Records from a data source
>>>>

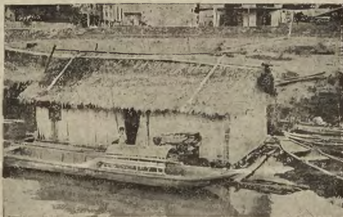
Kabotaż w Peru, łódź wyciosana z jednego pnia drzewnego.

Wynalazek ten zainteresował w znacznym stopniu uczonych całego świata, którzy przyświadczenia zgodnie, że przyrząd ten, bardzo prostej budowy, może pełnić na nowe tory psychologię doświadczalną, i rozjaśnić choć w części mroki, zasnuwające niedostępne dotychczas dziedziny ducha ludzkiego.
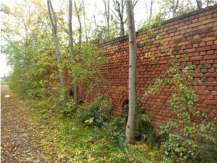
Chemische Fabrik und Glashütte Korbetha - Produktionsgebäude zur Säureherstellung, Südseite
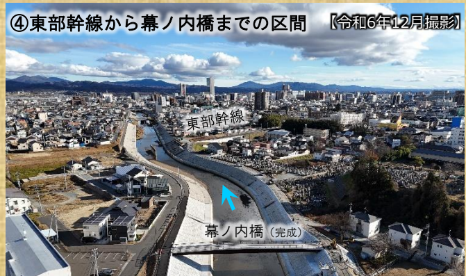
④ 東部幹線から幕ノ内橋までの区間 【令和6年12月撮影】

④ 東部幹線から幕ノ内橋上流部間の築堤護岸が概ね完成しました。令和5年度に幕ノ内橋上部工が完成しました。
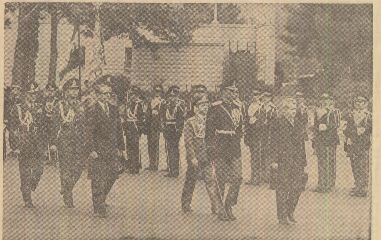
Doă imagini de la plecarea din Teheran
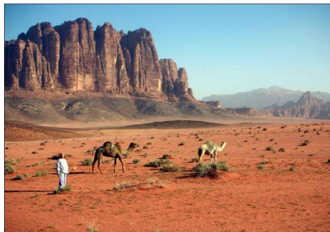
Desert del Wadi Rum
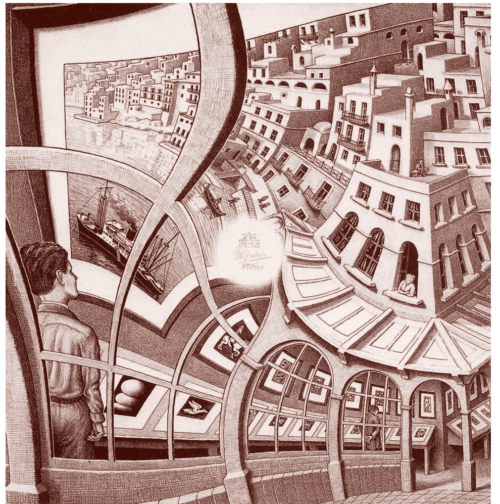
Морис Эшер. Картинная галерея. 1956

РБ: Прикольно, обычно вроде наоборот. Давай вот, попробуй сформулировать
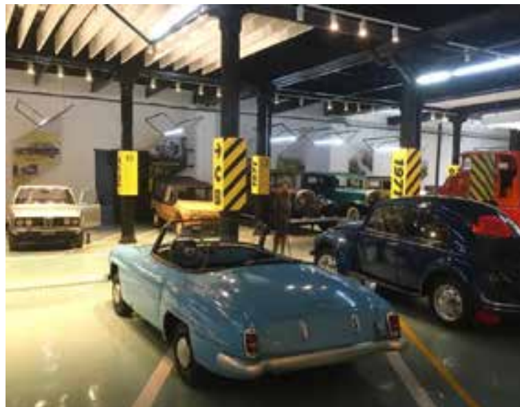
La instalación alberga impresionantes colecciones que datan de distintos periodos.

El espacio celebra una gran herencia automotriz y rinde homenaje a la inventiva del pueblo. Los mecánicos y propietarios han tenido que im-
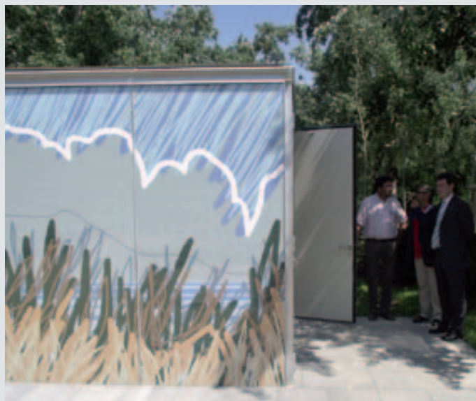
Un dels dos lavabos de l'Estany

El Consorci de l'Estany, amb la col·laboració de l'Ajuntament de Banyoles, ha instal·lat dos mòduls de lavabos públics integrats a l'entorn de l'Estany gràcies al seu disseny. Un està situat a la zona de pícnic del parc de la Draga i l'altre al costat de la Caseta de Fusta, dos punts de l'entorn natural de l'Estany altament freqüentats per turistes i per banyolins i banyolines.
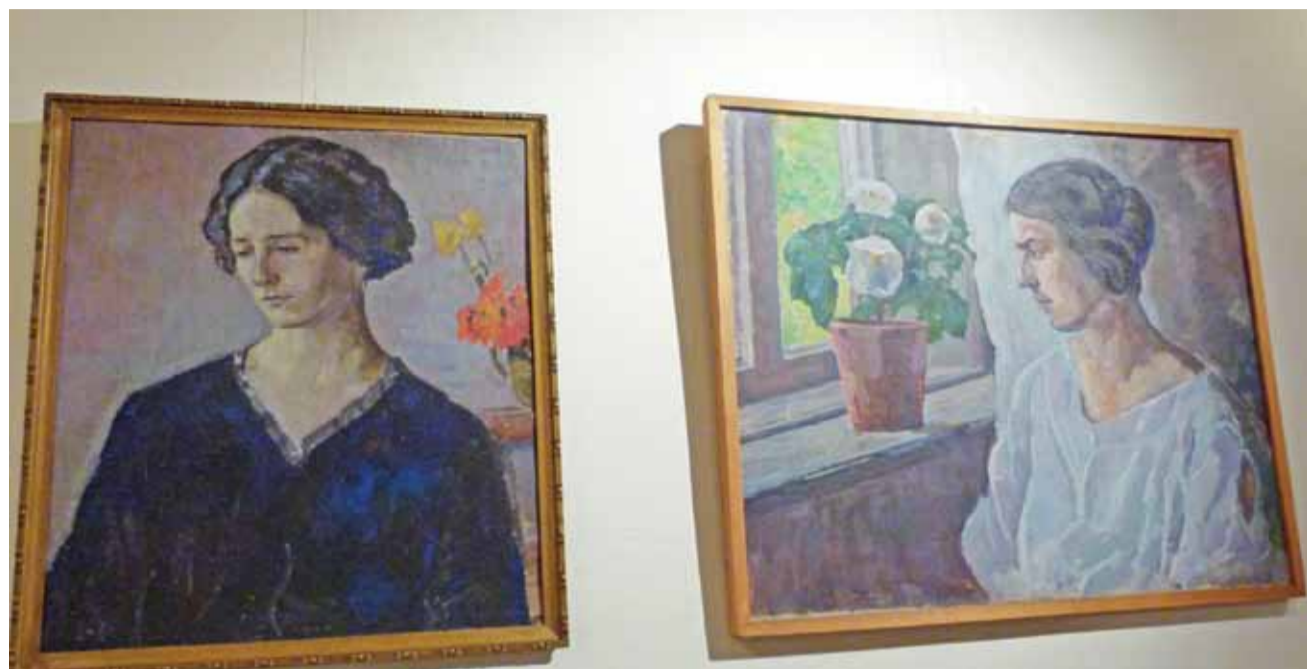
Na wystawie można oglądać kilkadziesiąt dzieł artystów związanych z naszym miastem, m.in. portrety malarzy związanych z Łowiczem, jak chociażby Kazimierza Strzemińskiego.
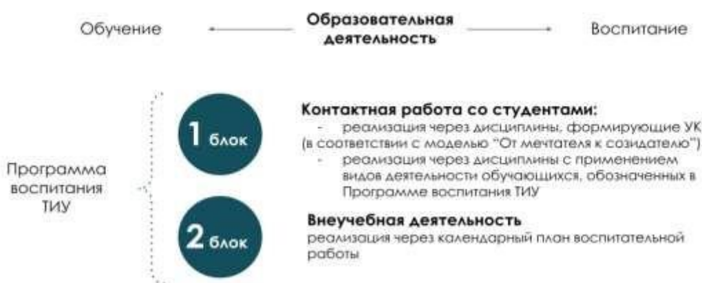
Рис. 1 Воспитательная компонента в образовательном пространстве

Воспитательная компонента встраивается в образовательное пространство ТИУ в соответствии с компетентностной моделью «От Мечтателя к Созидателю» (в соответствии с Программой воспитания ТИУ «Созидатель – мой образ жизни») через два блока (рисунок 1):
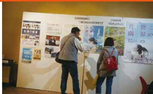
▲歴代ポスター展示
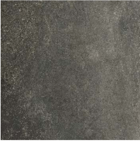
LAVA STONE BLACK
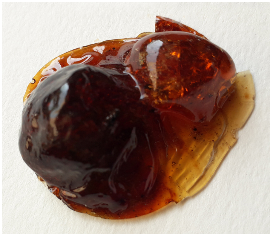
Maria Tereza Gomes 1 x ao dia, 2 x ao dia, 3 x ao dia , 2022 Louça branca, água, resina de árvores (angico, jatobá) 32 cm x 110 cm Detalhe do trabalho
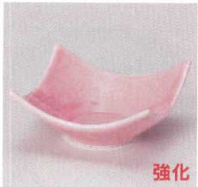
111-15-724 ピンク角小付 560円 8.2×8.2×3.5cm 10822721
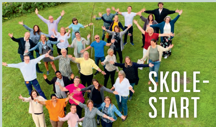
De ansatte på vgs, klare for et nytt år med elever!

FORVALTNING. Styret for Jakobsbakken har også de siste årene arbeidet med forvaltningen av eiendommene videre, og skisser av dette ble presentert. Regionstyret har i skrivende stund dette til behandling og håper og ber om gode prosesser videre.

<<<<

EXERCISE OBJECTIVE: For every line in the data above that has the string "Воспитательная", return that line.

RESULT OF THE EXERCISE:
Рис. 1 Воспитательная компонента в образовательном пространстве
Воспитательная компонента встраивается в образовательное пространство ТИУ в соответствии с компетентностной моделью «От Мечтателя к Созидателю» (в соответствии с Программой воспитания ТИУ «Созидатель – мой образ жизни») через два блока (рисунок 1):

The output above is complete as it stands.